TELECOM Digest OnLine - Sorted: Cyber Crime Tools Could Serve Terrorists - FBI


Cyber Crime Tools Could Serve Terrorists - FBI


Lisa Minter (lisa_minter2001@yahoo.com)
Wed, 10 Nov 2004 21:56:07 EST

MIAMI (Reuters) - The hacking and identity theft tools now earning big
money for mainly eastern European organized crime could be used by
terrorists to attack the United States, an FBI official said on
Wednesday.

FBI Deputy Assistant Director Steve Martinez said cyber crime was no
longer the domain of teenage geeks but had been taken over by
sophisticated gangs.

"Tools and methods used by these increasingly skilled hackers could be
employed to cripple our economy and attack our critical infrastructure
as part of a terrorist plot," Martinez told a conference in Miami on
Internet security.

People had to assume, he said, that terrorists would seek to hire
hackers to "raise money, aid command and control, spread terrorist
propaganda and recruit more into their ranks and, lastly and most
ominously, attack at little risk."

The seminar in Miami, hosted by Florida International University,
focused on the growing incidence of "phishing," in which hackers send
computer users e-mails to convince them to enter financial data or
passwords in fake Web sites.

Victims can compromise their credit cards, bank accounts and even
their identities.

Martinez, acting head of the FBI's Cyber Division, said the agency had
not seen traditional organized crime in the United States migrate to
the Internet but that eastern European gangs had embraced cyber crime
with enthusiasm.

"They're targeting your money, access to your personal information,
identity.
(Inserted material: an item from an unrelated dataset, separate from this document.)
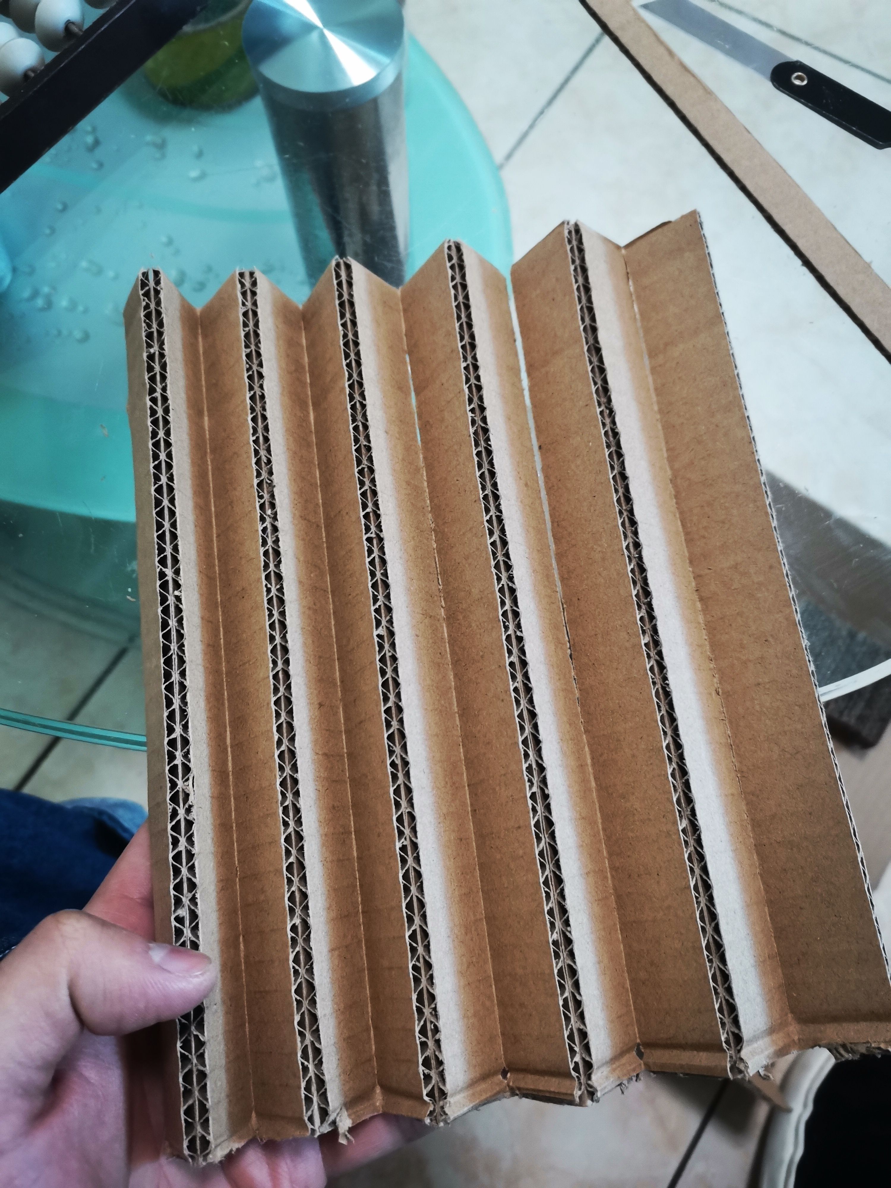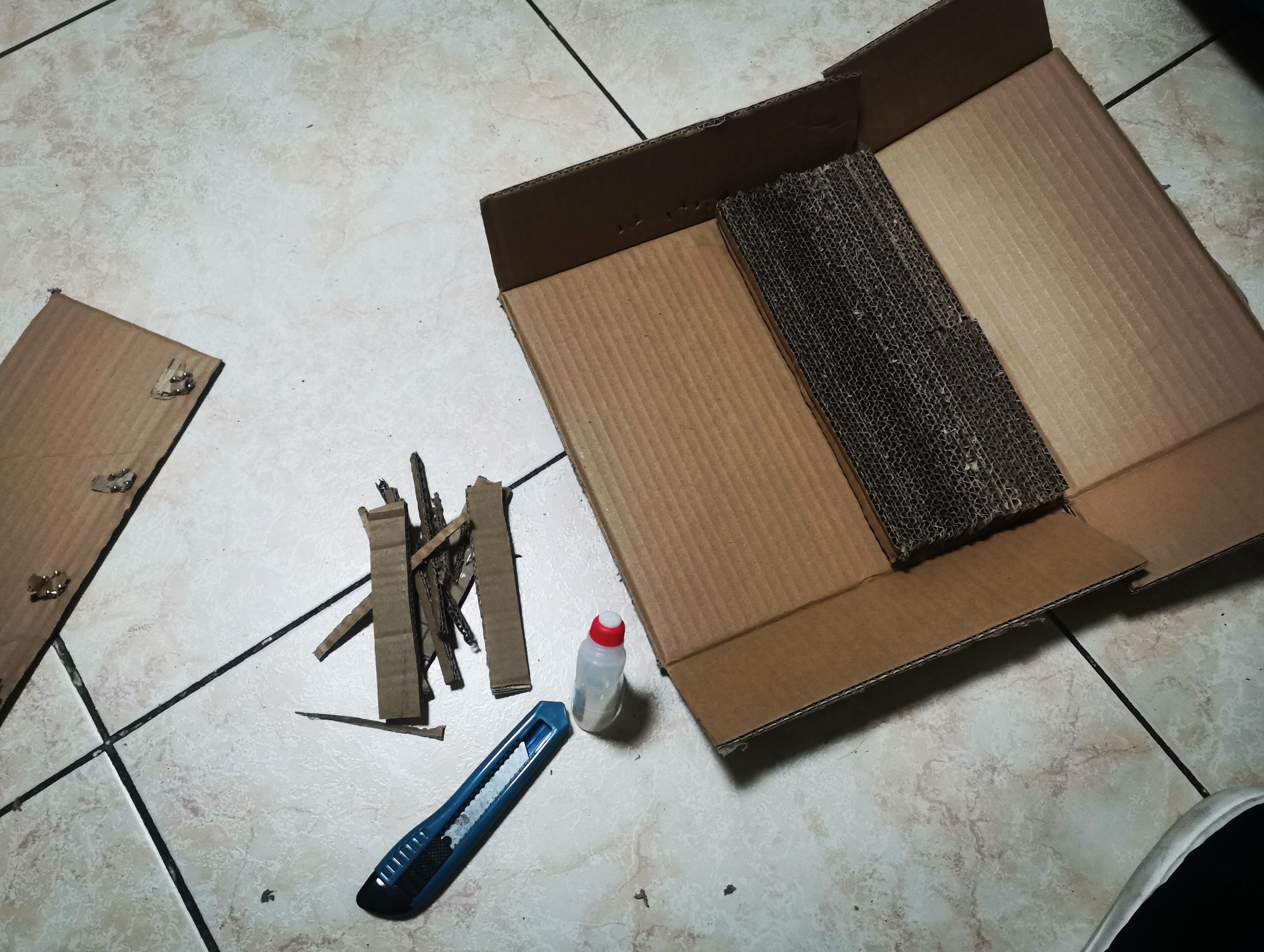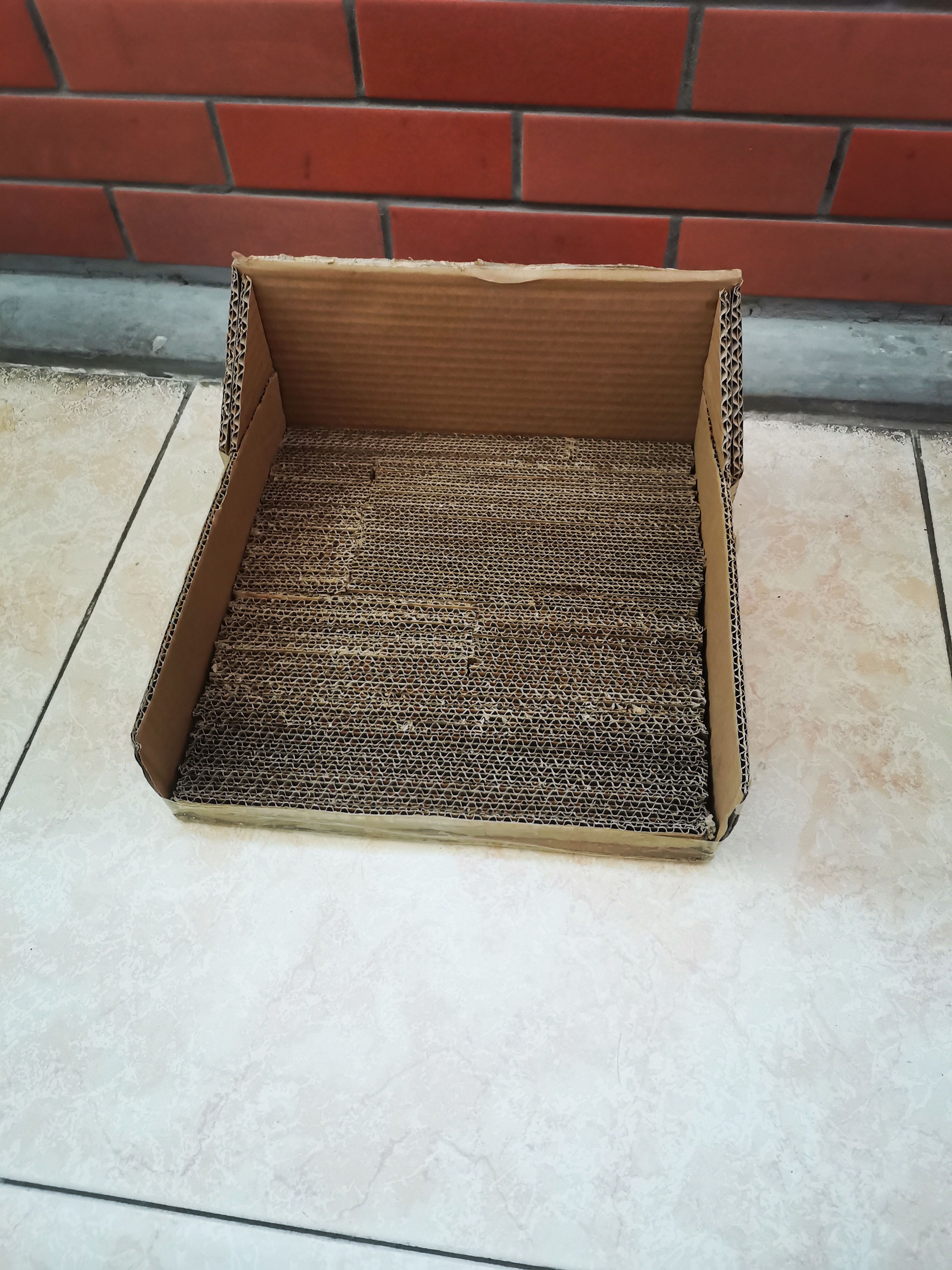 📦 准备不要的快递箱,看好尺寸裁成条。不要顺着纹路裁(裁完后横截面有好多孔✓)粘一起,粘成一块儿猫抓板做底座

They're doing it on a massive scale. The price of a credit
card number is dropping into the pennies now," he said.

The FBI was trying to convince foreign law enforcement agencies to
crack down on the culprits, he said.

In many former Soviet republics, laws covering cyber crimes were
inadequate and the U.S. Justice Department worked with foreign
governments to fill the legal gaps, he said.

In the meantime, he said the risk of cyber terrorism post-Sept. 11,
2001, should not be ignored.

The Internet could allow attackers to remain anonymous, to strike at
multiple targets from a distance, and escape detection. Critical
infrastructure such as water, power and transportation systems
remained vulnerable, Martinez said.

"In the future cyber terrorism may become a viable option to
traditional physical acts of violence," he said. "Terrorists have
figured out that we have a technological soft underbelly."